Паула Уолл - Последнее слово за мной
Когда Лидия услышала, как грузовичок Буна протарахтел мимо по дороге, она с силой выдернула сорняк из земли, изорвала его в мелкие клочки и кинула в тачку.
*На следующий день, как только Бун Диксон вывернул на подъездную дорожку ее дома, Лидия уехала. Добравшись до ближайшей улицы, она нажала на тормоз и осталась сидеть в машине. Человеку, который больше всего на свете любит делать покупки, убить время в Липерс-Форке было нелегко.
Стоило домработнице сообщить Энн Лестер, что в гостиной ее ожидает Лидия Монтгомери, как настроение у хозяйки резко испортилось. Никто так не выводит снобов из себя, как те, кто может их переснобить. После последней встречи с Лидией Энн решила навсегда покончить с состязаниями в снобизме и с тех пор всячески их избегала.
Она могла воспроизвести по памяти все до единой шпильки, которые подпустила в разговоре Лидия, и даже завела привычку каждый день повторять про себя этот список, чтобы не терять боевого духа.
«Такие платья считались в Бостоне очень стильными… в прошлом году». «Одна нитка жемчуга на шее — это так… экономно». «Бревенчатый дом у озера — это так… старомодно».
— Передать ей, что вы неважно себя чувствуете? — шепотом спросила домработница.
Больше всего Энн хотелось послать Лидию ко всем чертям, но истинная южанка никогда не оскорбит гостя. Даже если к ней неожиданно нагрянет сам дьявол, южанка предложит ему остаться на ужин и быстренько испечет «Дьявольский торт».[17]

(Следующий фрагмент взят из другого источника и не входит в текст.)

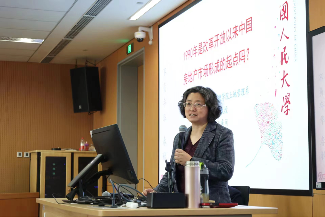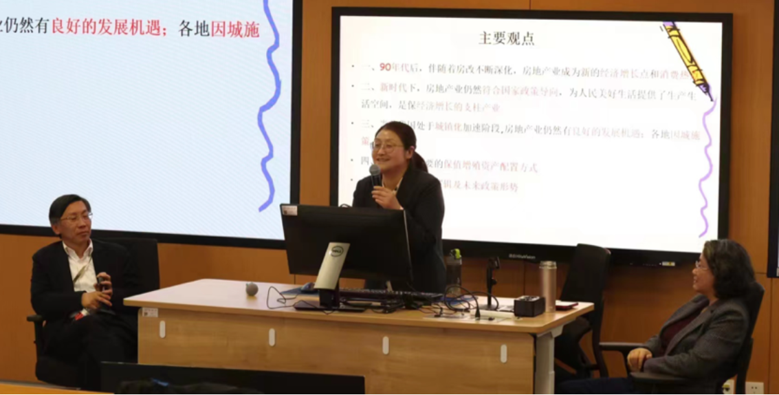 张秀智老师的分享以“1990年是改革开放以来中国房地产市场形成的起点吗?”为讨论议题。她首先用数据上的纵向对比,揭示了当时宏观经济、商业和住房基础、土地和住房商品化理论三个方面的薄弱局面。老师提到,同学们当前在寝室里的人均居住面积,甚至比当年筒子楼里的人还多。张老师在房管局亲身经历了90年代的一系列住房改革,她指出亚运村住房的销售就是房地产市场建设的重要契机。在地价的测算、立法的保障和南巡谈话的春风下,90年代北京等城市兴建写字楼、别墅、商场、高档公寓。而为了解决普通老百姓没钱买房子的问题,“三改四建”和1998年停止福利分房两次重大改革,住宅产业成为国民经济重要组成部分。张老师最后强调了中国的住宅制度改革是渐进式的,中国的房地产市场也伴随着经济社会人口的变化而变化。
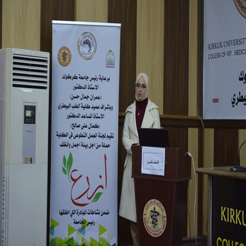 ضمن المبادره التي اطلقها رئيس جامعه كركوك الاستاذ الدكتور (عمران جمال حسن) ازرع وبإشراف عمادة كلية الطب البيطري اقامت الكليه ورشة عمل بعنوان من اجل جمال ونظافة بيئتك ازرع وبالتعاون مع وحده التشجير في الجامعه وبحضور عميد الكليه والهيئة التدريسية والمنتسبين وتضمنت المحاضره التي القاها م .م هيام رشيد شهاب حول التلوث البيولوجي للبيئه والتي تشمل التلوث بشكل عام والتي تؤثر على حياة النبات والحيوان الانسان والمحاضره الثانيه من قبل مسؤول وحدة التشجير في الجامعه م .م محمد ممتاز ابراهيم تطرق فيها حول تشجير المدن ومنها الجامعات والكليات ولما لها من اهميه في المحافظه على جماليه ونقاء البيئه.

— Какой приятный сюрприз! — воскликнула Энн Лестер, вплывая в гостиную с улыбкой, напоминающей половинку ананасового кружочка из компота, застывшую в персиковом желе.
— Я просто проезжала мимо, — сказала Лидия, наклонившись и разглядывая коллекцию фарфоровых яиц, тщательно расставленных Энн в антикварном серванте, — вот и решила заскочить.
От дома Монтгомери до Лестеров было рукой подать. Можно было практически стоять у открытого окна в лестерской спальне и, протянув руку, выключить лампу на крыльце у Лидии (Энн и впрямь порой рассматривала такую возможность).
Однако Лидия никогда прежде не «заскакивала», более того — ее ни разу и не приглашали.
— Вы тоже коллекционируете яйца? — поинтересовалась Энн, вынимая богато украшенную вещицу из подставки.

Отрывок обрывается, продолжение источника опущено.